The second optical device structures 102B may be angled structures with the sidewalls 118 slanted relative to the surface 103 of the substrate 101. In some embodiments, the second optical device structures 102B with an angle ϑ between one another. Each optical device structure of the plurality of the second optical device structures 102B has a second optical device structure width 116B. In one embodiment, which may be combined with other embodiments described herein, the second optical device structure width 116B is less than 1 micrometer (μm) and corresponds to the width or the diameter of each second optical device structure 102B, depending on the cross-section of the second optical device structure 102B. In one embodiment, which can be combined with other embodiments described herein, at least one second optical device structure width 116B may be different from another second optical device structure width 116B. In another embodiment, which can be combined with other embodiments described herein, each second optical device structure width 116B of the second optical device structures 102B is substantially equal to each other. The second optical device structure widths 116B may be the same or different from the first optical device structure widths 116A.

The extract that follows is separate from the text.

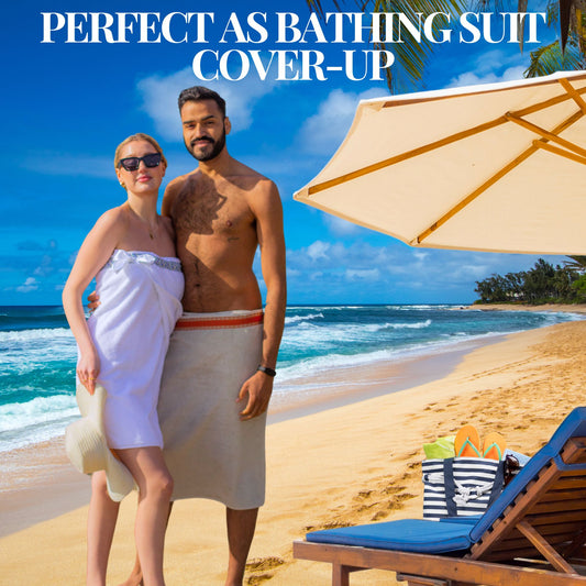 UWRAPT - His & Hers Towel + Wrap All-in-One with Adjustable Tie Closure. No Hook & Loop. No Elastic. No Buttons. No Snaps. Simply Wrap, Tie, & Go!

The second optical device structures 102B of the plurality of optical device structures 102 has a second height 106B. The second height 106B is the distance from the surface 103 of the substrate to a second top surface 120B of each second optical device structure 102B. In one embodiment, which can be combined with other embodiments described herein, at least one second height 106B of the second optical device structures 102B is different that the second height 106B of the other second optical device structures 102B. In another embodiment, which can be combined with other embodiments described herein, each second height 106B of the plurality of second optical device structures 102B is substantially equal to the adjacent second optical device structures 102B. The second heights 106B may be the same or different from the first heights 106A.

The second optical device structures 102B include a second critical dimension 108B, i.e., a linewidth, defined as the distance between adjacent second optical device structures 102B. As shown in FIG. 1C, the second critical dimension 108B of each of the adjacent second optical device structures 102B is substantially equal to each other. In some embodiments, which can be combined with other embodiments described herein, at least one a second critical dimension 108B of adjacent second optical device structures 102B is different from the second critical dimension 108B of other adjacent second optical device structures 102B of the portion 105. The second critical dimension 108B may be the same or different from the first critical dimension 108A. A second optical device trench 109B is defined by each pair of adjacent second optical device structures 102B of the second optical device structures 102B and the surface 103 of the substrate 101. The width of each second optical device trench 109B corresponds to the second critical dimension 108B. The height of each second optical device trench 109B corresponds to the second height 106B of the adjacent second optical device structures 102B.

The second optical device structures 102B are formed at a device angle ϑ relative to the substrate 101. The device angle ϑ is the angle between the surface 103 of the substrate 101 and a sidewall 118 of the second optical device structure 102B. In one embodiment, which can be combined with other embodiments described herein, each respective device angle ϑ for each second optical device structure 102B is substantially equal throughout the portion 105. In another embodiment, which can be combined with other embodiments described herein, at least one respective device angle ϑ of the plurality of second optical device structures 102B is different than another device angle ϑ of the plurality of second optical device structures 102B.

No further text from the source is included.